Internal bracing to support the top in the F-style mandolins is usually achieved with parallel tone bars, similar to the bass bar on a violin. Some makers instead employ "X-bracing", which is two tone-bars mortised together to form an X. Some luthiers now using a "modified x-bracing" that incorporates both a tone bar and X-bracing.

Numerous modern mandolin makers build instruments that largely replicate the Gibson F-5 Artist models built in the early 1920s under the supervision of Gibson acoustician Lloyd Loar. Original Loar-signed instruments are sought after and extremely valuable.
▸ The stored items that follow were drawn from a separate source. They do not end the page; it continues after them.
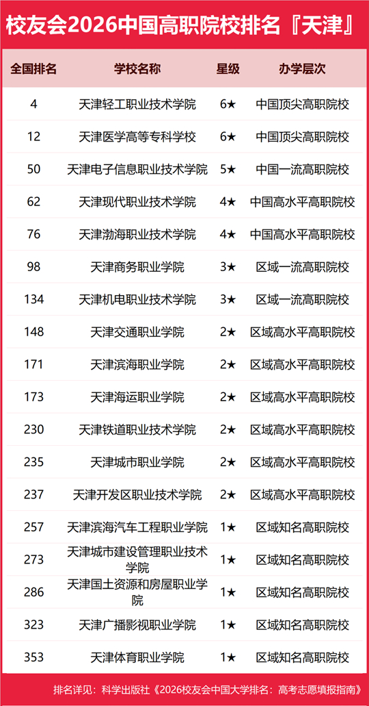天津轻工职业技术学院雄居2026天津市高职院校排名第一,天津电子信息职业技术学院跻身前3强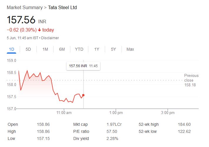 - टाटा स्टील का शेयर आज 0.39% फिसलकर 157.56 रुपये पर पहुंचा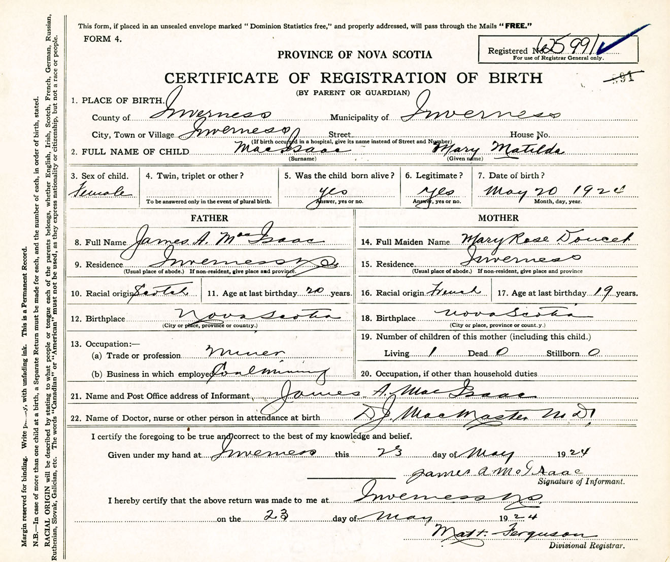Female Birth Registration: Year: 1924 number: 62500991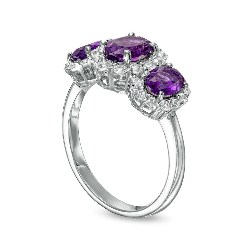 Oval Amethyst and White Lab-Created Sapphire Frame Three Stone Ring in Sterling Silver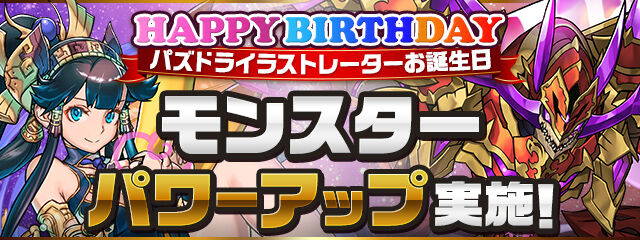 パズドライラストレーターのお誕生日を記念したモンスターのパワーアップを実施!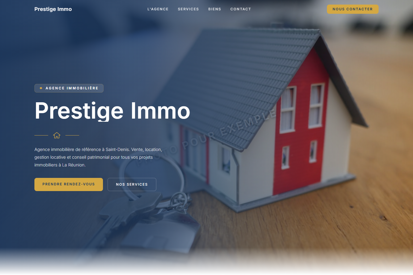 Design premium avec Inter, maison SVG, palette bleu marine & or.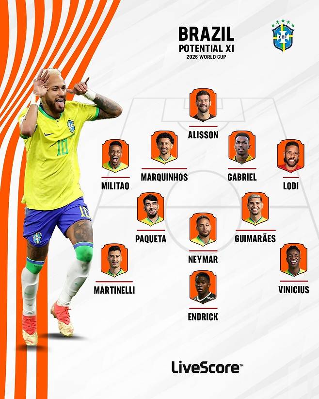 축구 통계 사이트 ‘Live Score’는 21일 브라질의 2026 북중미 월드컵 예상 라인업을 공개했다.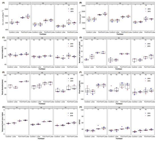 Box plots of (A) root yield and (B–G) are cassava yield components, and (H) is green canopy trait of mean values per genotype and season (2018 and 2019) for the different fertilization regimes M1 = lime only, M2 = Fertilizer + Lime, M3 = no fertilizer, no lime (traditional low resource farmer management), M4 = Fertilizer only, V1 = Mweru, V2 = Bangweulu, V3 = Katobamputa. Significance codes are indicated for different treatment effects as 0 ‘***’ 0.001; ‘**’ 0.01; ‘*’ 0.05, ns: not significant above boxplots within the figure.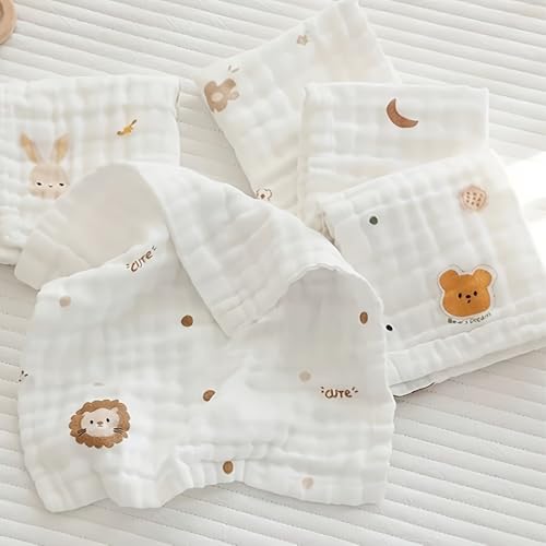 5-Pack Muslin Burp Cloths Baby Boy, Girl - Very Absorbent Baby Burp Cloth Rags, 8-Layers Viscose Derived from Bamboo Cotton Muslin Towel, Super Soft Spit Up Rags, No Shrink Washcloths (The Wild)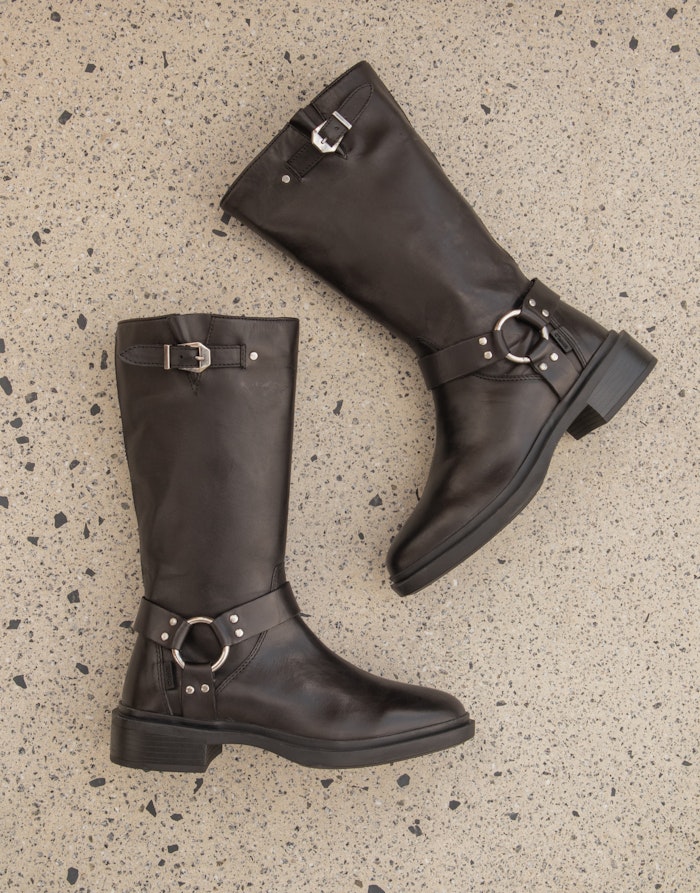 Bei Manfield findest du ein großes Angebot an Damenschuhen, in denen du garantiert stylish durch den Herbst/Winter kommst. Egal, ob du einen eleganten, lässigen oder comfy Look kreieren willst, mit Schuhen von Manfield liegst du immer goldrichtig. Entscheide dich zum Beispiel für das Trend-Item für den Winter: schwarze Biker Boots aus Leder mit silberfarbenen Schnallen. Die Boots sind absolut zeitlos und gleichzeitig trendy, sodass du dich garantiert von der Masse abhebst. Das hochwertige schwarze Leder macht die Stiefeletten zu einer nachhaltigen Wahl, die robuste Sohle sorgt für guten Halt. Das weiche Futter erhöht den Komfort, sodass du problemlos stundenlang in deinen Lieblings-Boots laufen kannst. Kombiniere die Biker Boots für einen lässigen Look zum Beispiel mit einer Jeans und einem Oversize-Blazer oder trage die Stiefeletten für einen edlen Twist zu einem schönen Kleid und einer Strumpfhose. Mit diesen stylishen Boots setzt du ein echtes Mode-Statement.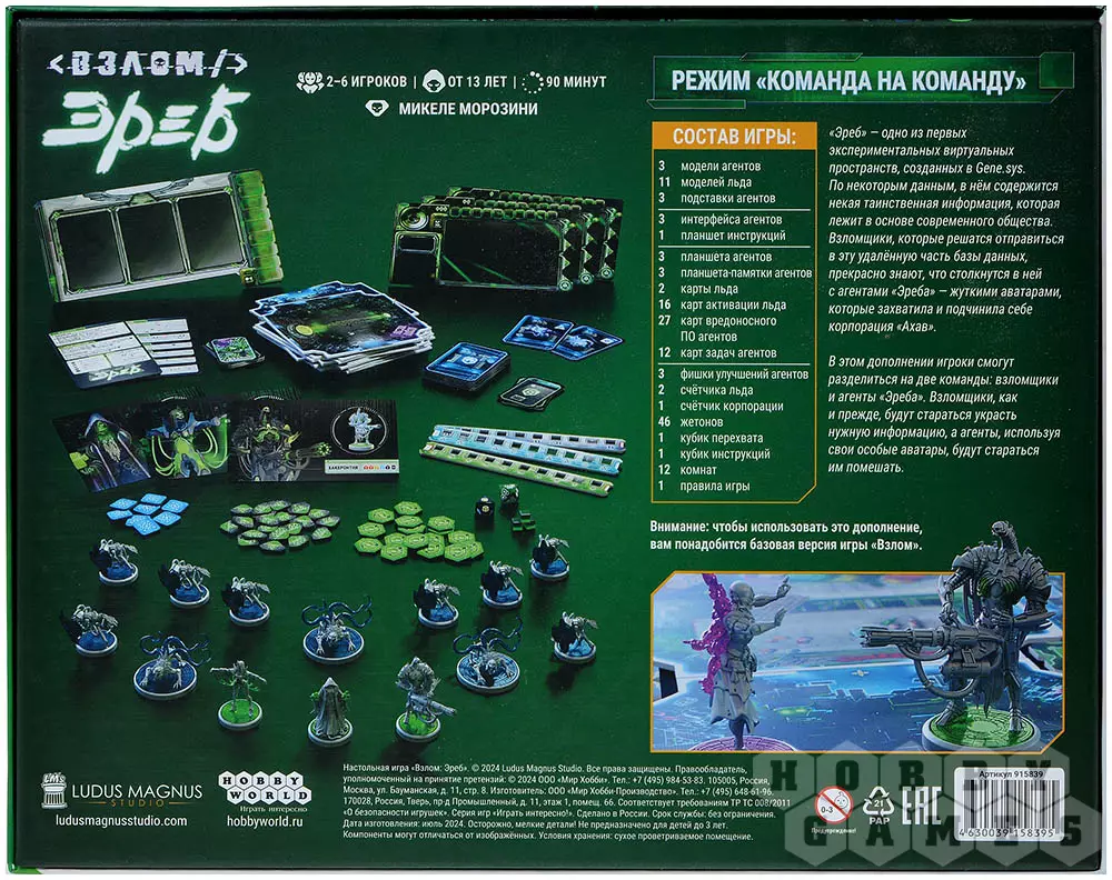 "Взлом: Эреб" – это дополнение к игре "Взлом" для 2-6 человек. Игроки разделятся на две команды: на команду хакеров, пытающихся пробиться сквозь виртуальный заслон, отделяющий их от крайне полезной информации, и агентов "Эреба", которые работают на корпорацию "Ахав" и изо всех сил стараются этому воспрепятствовать. Вас ждут новые детализированные 3D-аватары, которые помогут подчеркнуть, что в этой битве вы находитесь по разные стороны баррикад, комнаты и способности. В арсенале команды корпорации появится уникальная возможность управлять льдом – главными врагами серии. На чьей стороне окажется победа, а значит, и правда, зависит только от вас.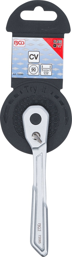 Račňa 1/4″, prepínacia, extra plochá, jemne ozubená, 90 zubov, BGS 72085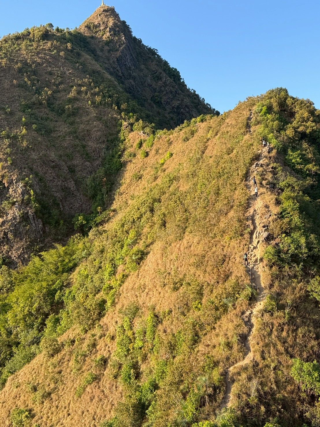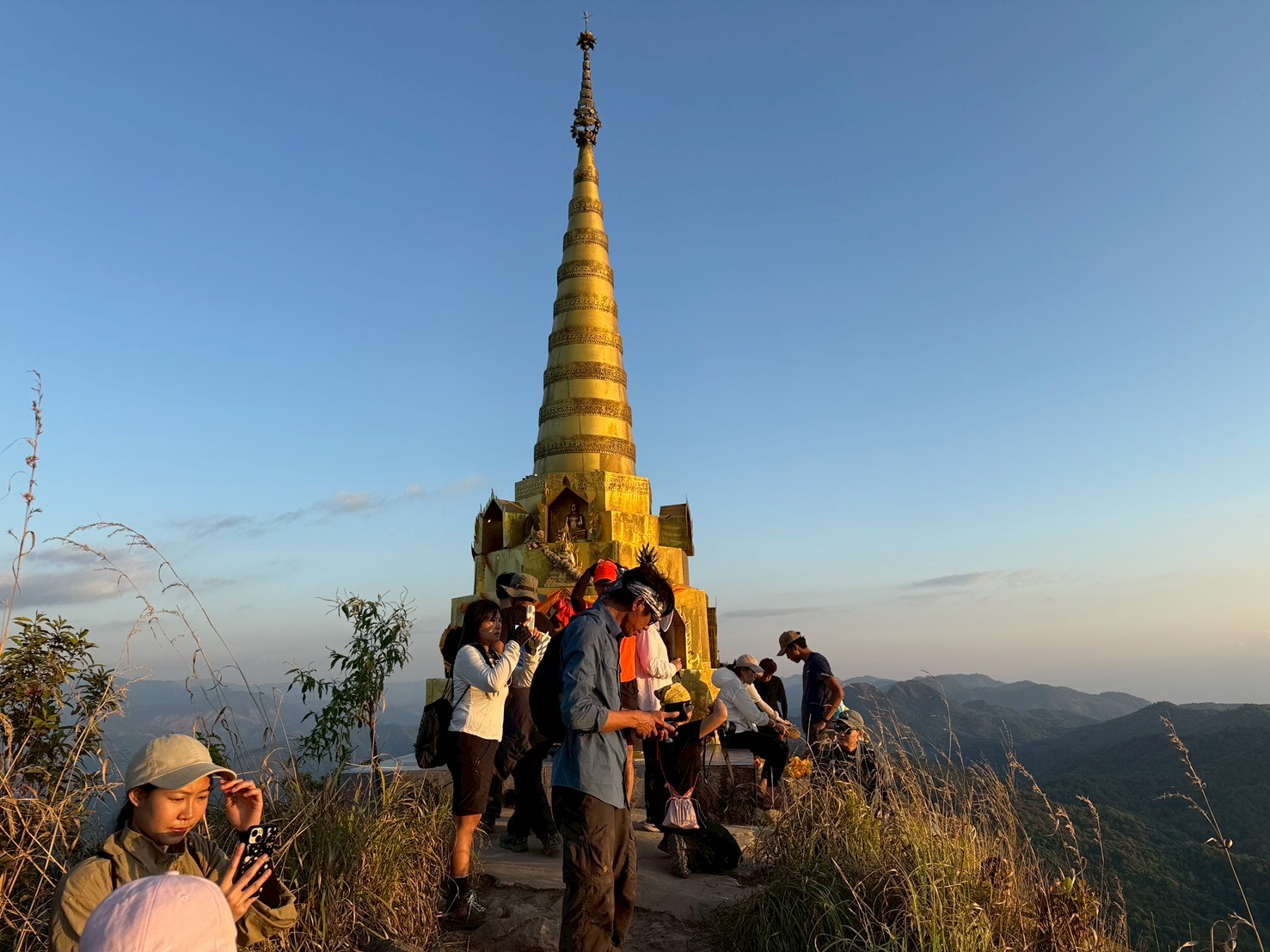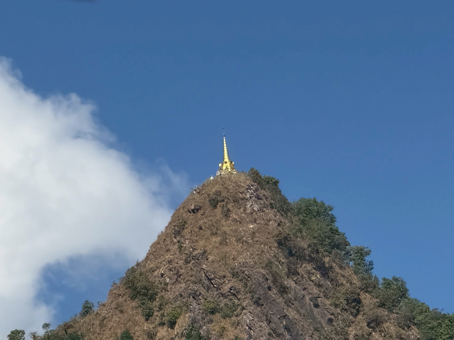 แต่ไฮไลท์ของ เลอกอเดาะ อยู่ที่พระธาตุสีทองบนยอดเขาที่ไกลลิบๆ และสูงชัน ทางขึ้นไป ชันแคบ และ หลายจุดเป็นสันดาบกวา้งราวๆ ฟุตกว่าๆ สองข้างเป็นเหว มีเชือกให้จับเดิน ผ่าน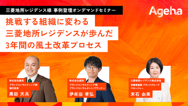 コーポレートブランディング支援を行う株式会社揚羽(東京都中央区 代表取締役社長:湊 剛宏 証券コード:9330)は、オンデマンドセミナー「挑戦する組織に変わる 三菱地所レジデンスが歩んだ3年間の風土改革プロセス」を、2026年3月31日(火)まで配信します。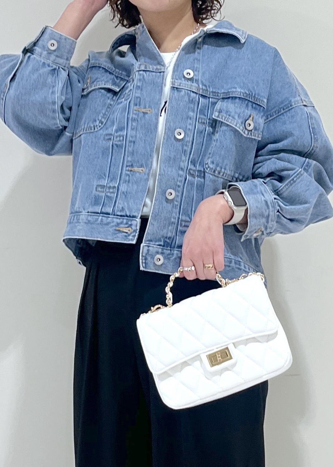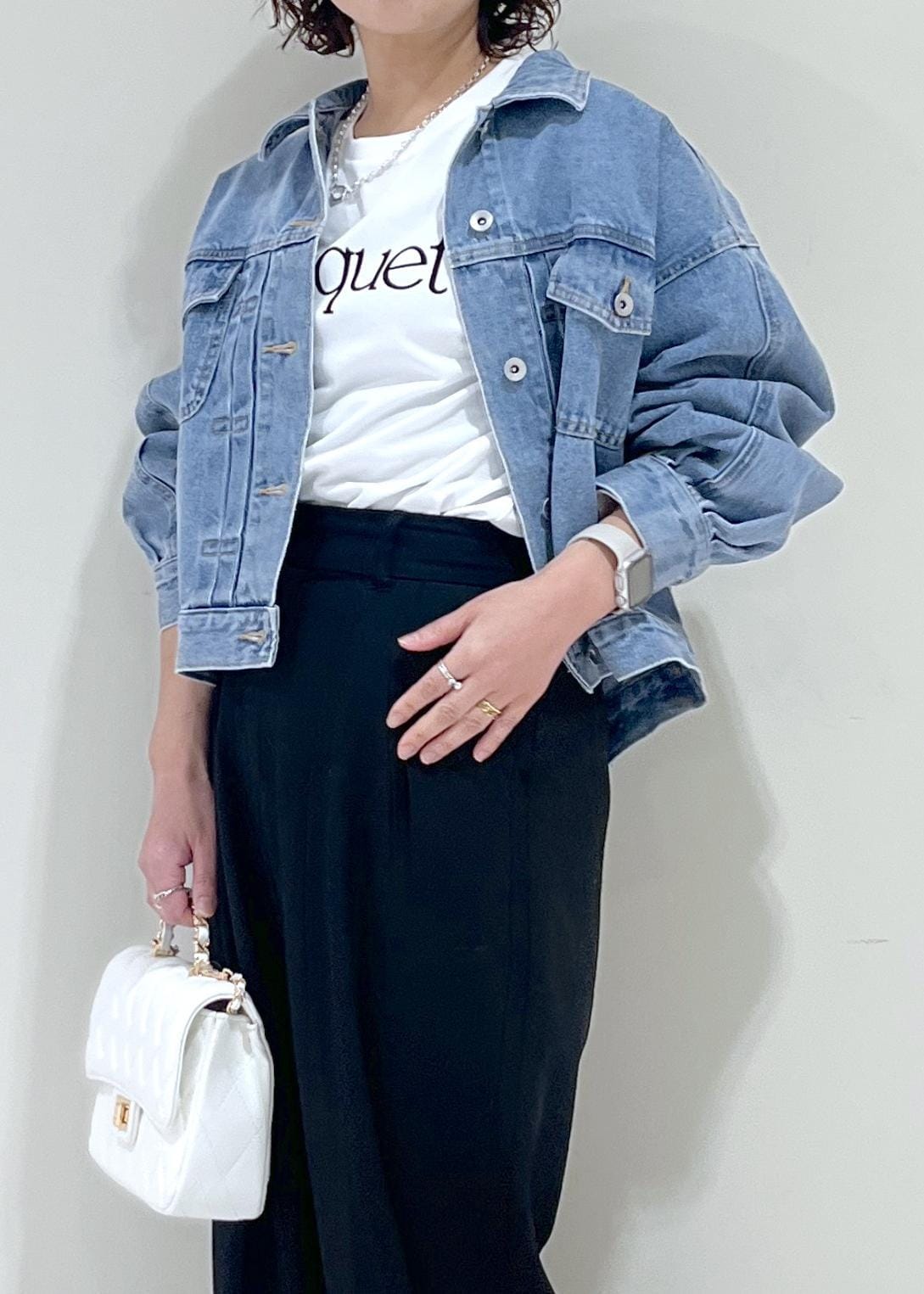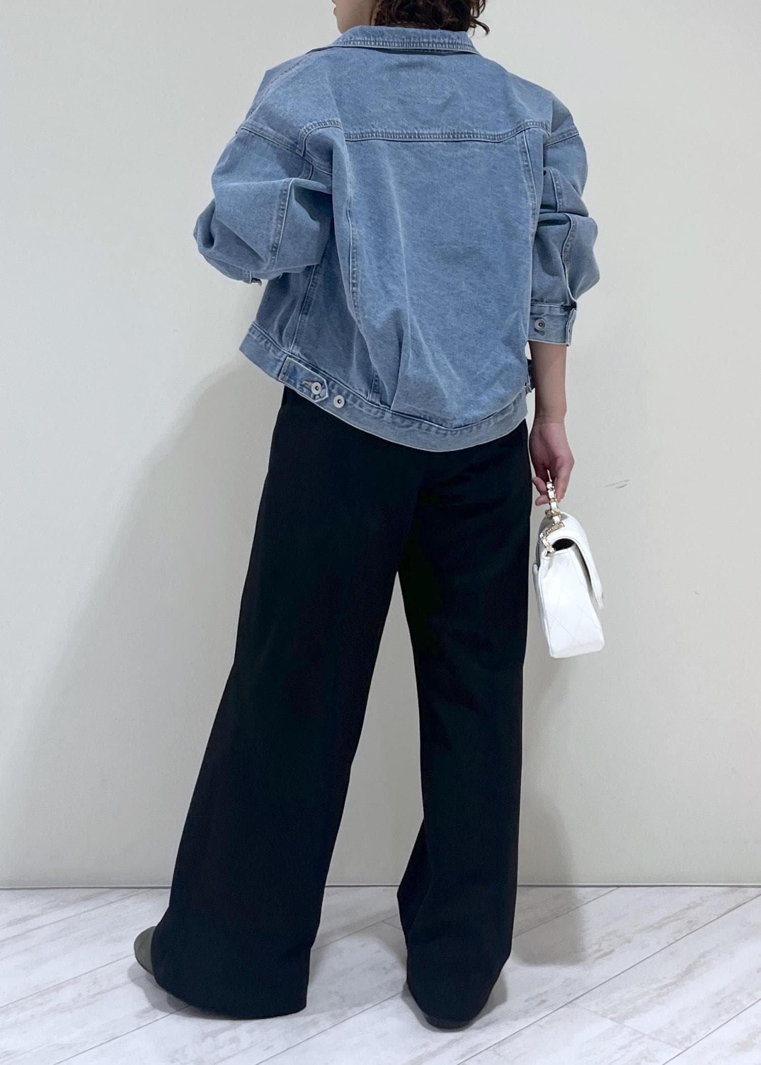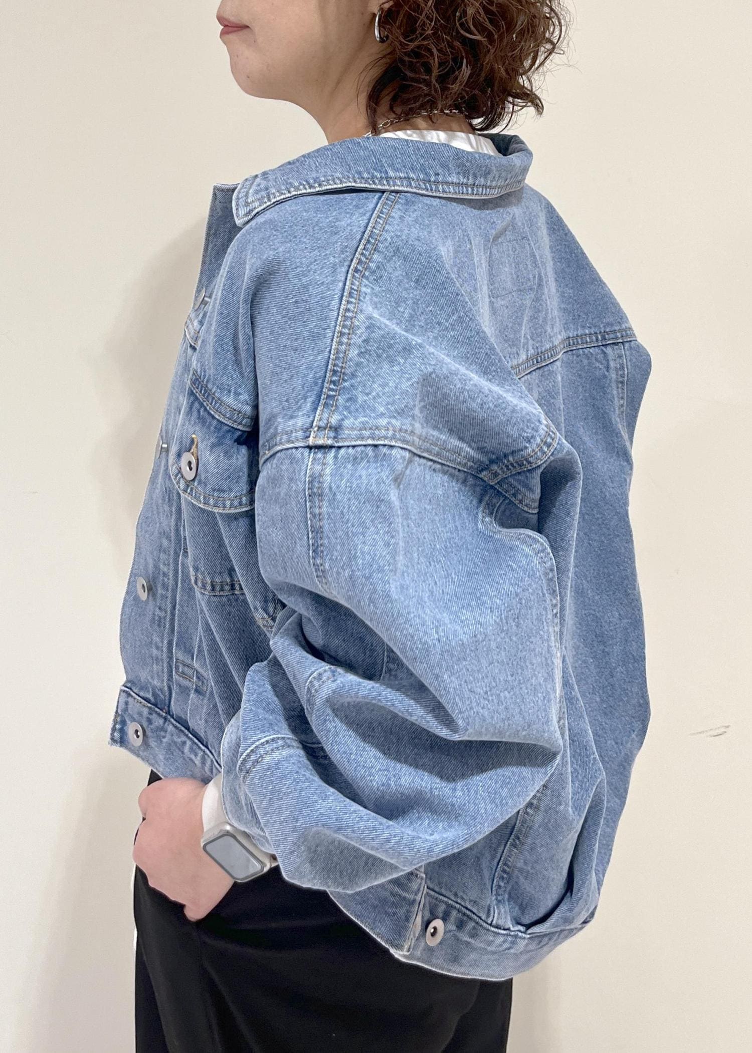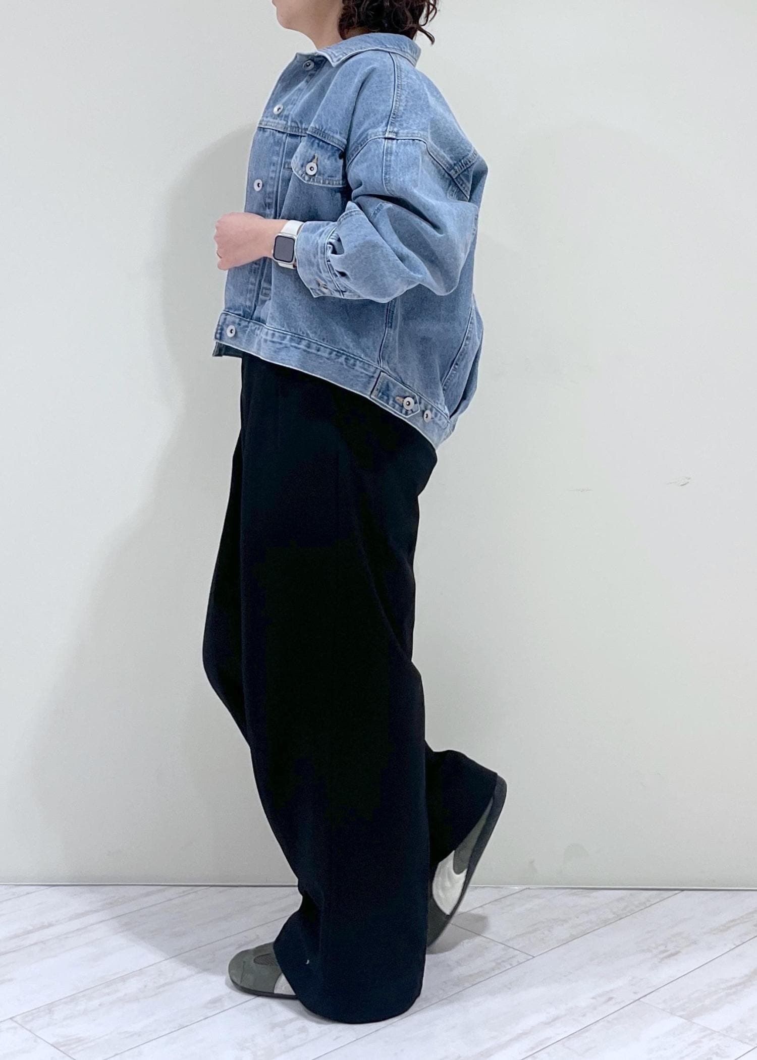 デニムですが、比較的柔らかく春ニットなどにも羽織れます。 -

Other makers from the Loar period and earlier include Lyon and Healy, Vega and Larson Brothers.

====Pressed archtops====
The ideal for archtops has been solid pieces of wood carved into the right shape. However, another archtop exists, the top made of laminated wood or thin sheets of solid wood, pressed into the arched shape. These have become increasingly common in the world of internationally constructed musical instruments in the 21st century.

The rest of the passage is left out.